Information provided:

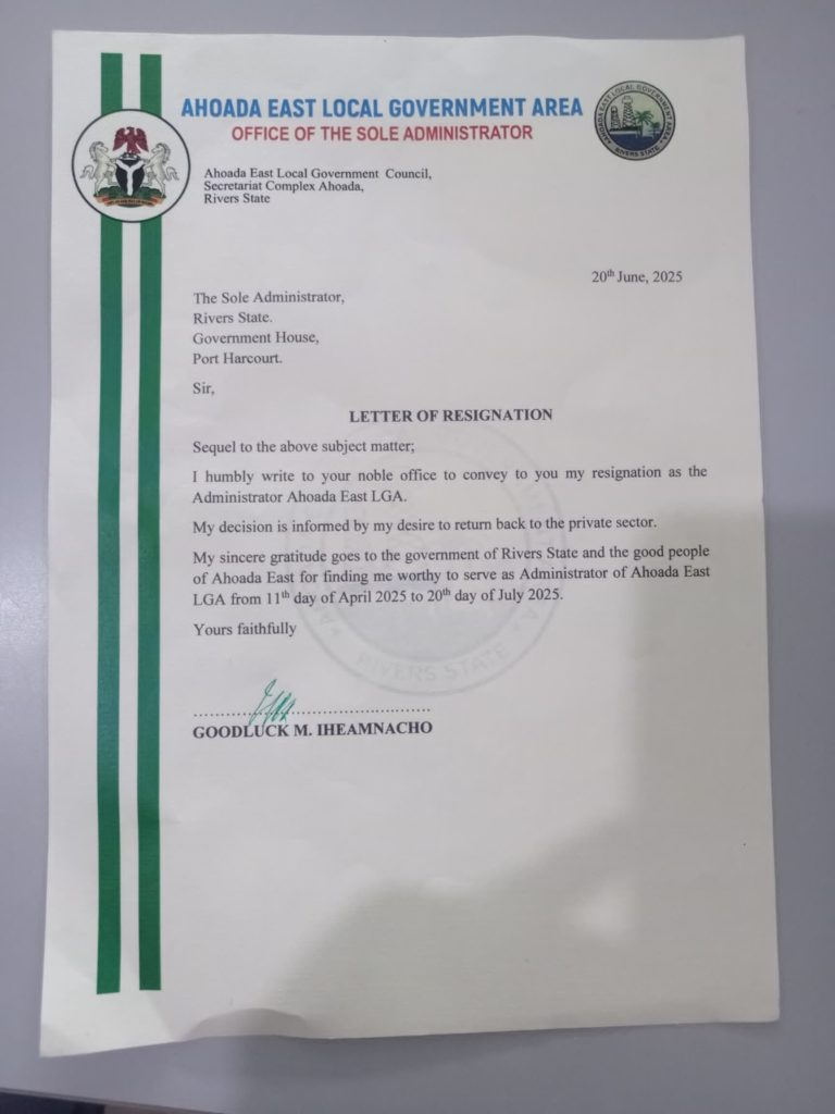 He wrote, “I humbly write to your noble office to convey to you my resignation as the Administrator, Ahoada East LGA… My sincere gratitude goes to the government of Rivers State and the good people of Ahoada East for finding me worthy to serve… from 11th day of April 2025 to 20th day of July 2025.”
==
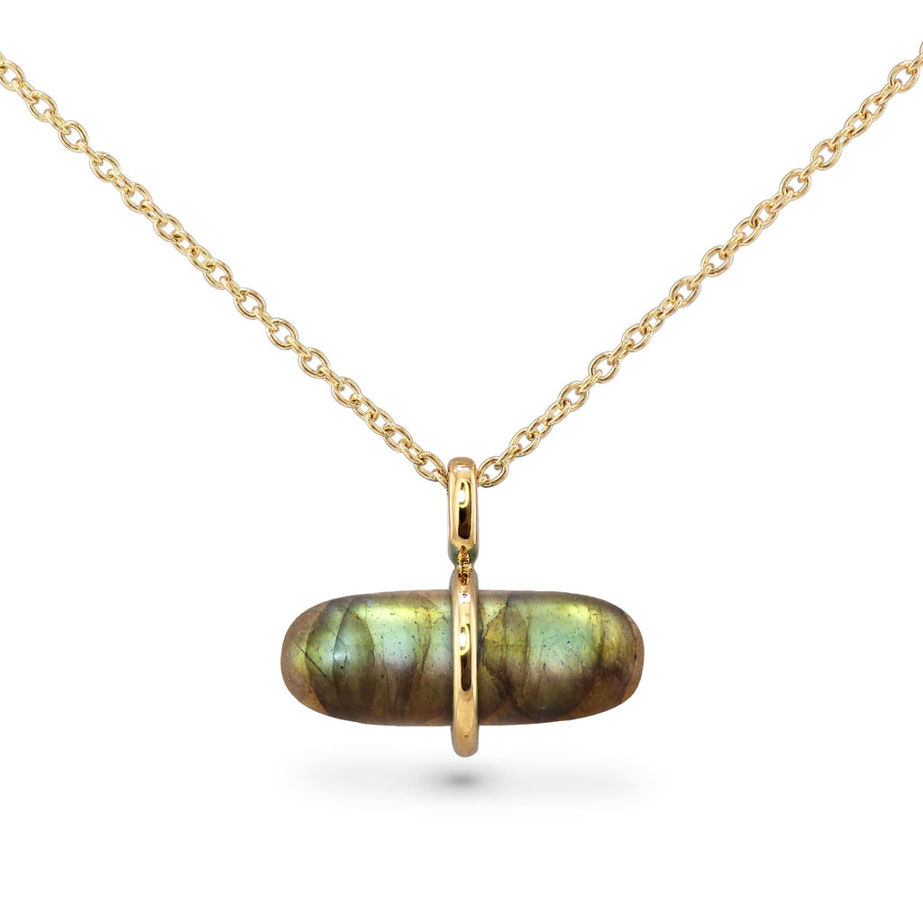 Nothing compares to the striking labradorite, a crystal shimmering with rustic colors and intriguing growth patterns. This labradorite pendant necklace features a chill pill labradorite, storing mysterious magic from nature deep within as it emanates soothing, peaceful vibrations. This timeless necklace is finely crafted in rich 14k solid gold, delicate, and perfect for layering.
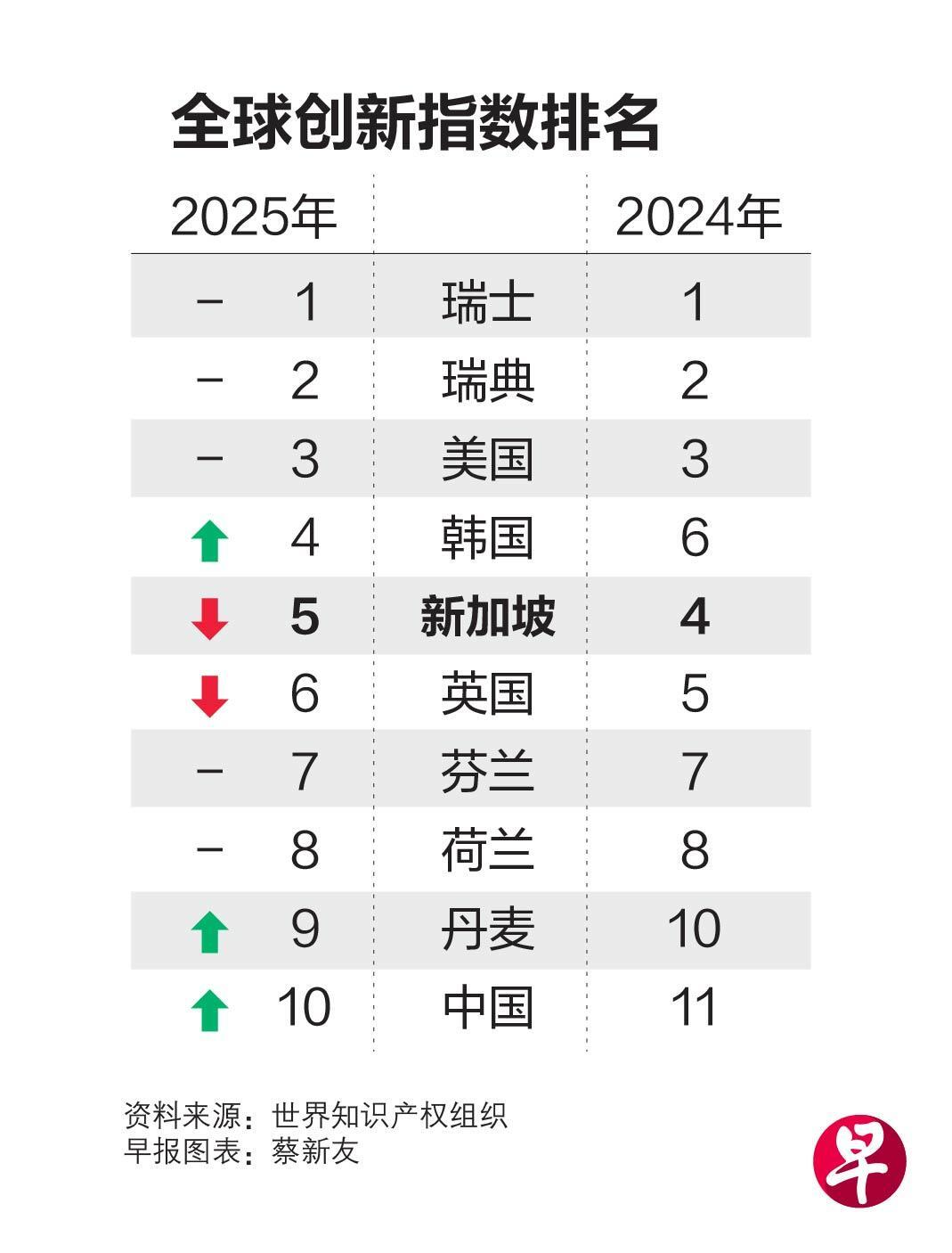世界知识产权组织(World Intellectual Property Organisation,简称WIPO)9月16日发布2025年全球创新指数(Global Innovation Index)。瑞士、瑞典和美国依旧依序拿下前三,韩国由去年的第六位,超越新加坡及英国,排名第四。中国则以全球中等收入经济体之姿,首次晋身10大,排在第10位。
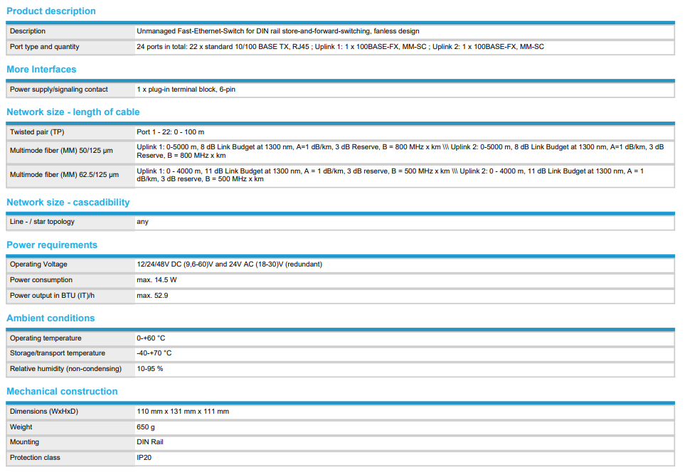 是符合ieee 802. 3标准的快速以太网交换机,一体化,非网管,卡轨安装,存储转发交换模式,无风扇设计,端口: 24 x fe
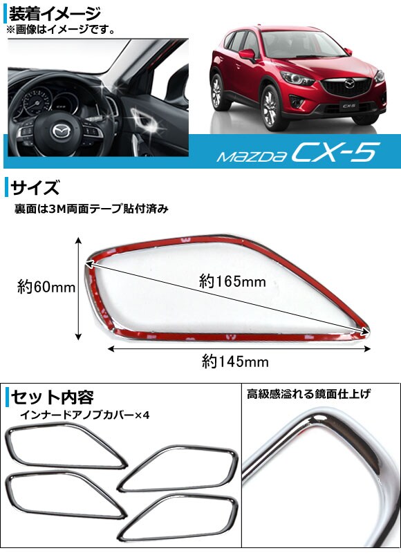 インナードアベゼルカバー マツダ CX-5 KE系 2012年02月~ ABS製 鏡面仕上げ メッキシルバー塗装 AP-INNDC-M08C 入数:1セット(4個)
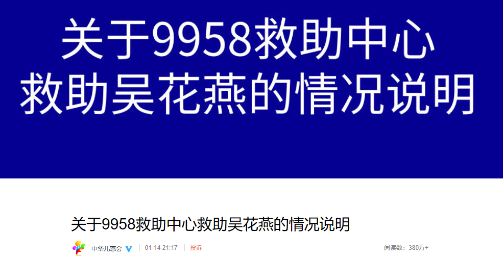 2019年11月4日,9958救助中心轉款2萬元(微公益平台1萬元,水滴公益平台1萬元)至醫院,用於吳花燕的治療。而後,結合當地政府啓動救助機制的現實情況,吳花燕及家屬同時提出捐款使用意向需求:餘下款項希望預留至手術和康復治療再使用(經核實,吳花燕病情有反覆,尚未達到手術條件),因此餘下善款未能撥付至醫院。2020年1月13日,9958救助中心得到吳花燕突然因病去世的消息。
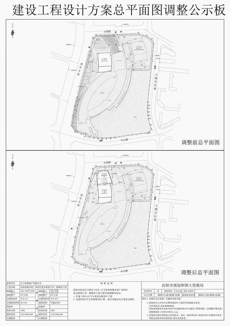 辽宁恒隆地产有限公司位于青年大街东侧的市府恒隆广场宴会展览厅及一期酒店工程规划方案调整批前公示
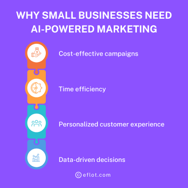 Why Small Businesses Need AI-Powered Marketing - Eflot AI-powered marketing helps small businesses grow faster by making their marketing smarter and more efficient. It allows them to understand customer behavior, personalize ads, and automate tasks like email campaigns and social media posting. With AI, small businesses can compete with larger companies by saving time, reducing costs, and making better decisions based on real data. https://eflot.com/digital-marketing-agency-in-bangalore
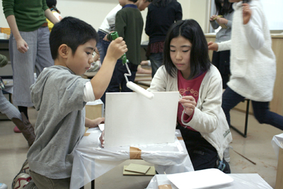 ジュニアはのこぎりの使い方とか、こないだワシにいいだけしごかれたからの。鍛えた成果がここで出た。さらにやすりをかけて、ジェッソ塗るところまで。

What you are asked to do: The line holding "世界知识产权组织(World Intellectual Property" starts the copy and the line holding "インナードアベゼルカバー マツダ CX-5" ends it. Repeat those two lines above and all between them exactly, leaving out pictures.

Task output:
世界知识产权组织(World Intellectual Property Organisation,简称WIPO)9月16日发布2025年全球创新指数(Global Innovation Index)。瑞士、瑞典和美国依旧依序拿下前三,韩国由去年的第六位,超越新加坡及英国,排名第四。中国则以全球中等收入经济体之姿,首次晋身10大,排在第10位。
 是符合ieee 802. 3标准的快速以太网交换机,一体化,非网管,卡轨安装,存储转发交换模式,无风扇设计,端口: 24 x fe
 インナードアベゼルカバー マツダ CX-5 KE系 2012年02月~ ABS製 鏡面仕上げ メッキシルバー塗装 AP-INNDC-M08C 入数:1セット(4個)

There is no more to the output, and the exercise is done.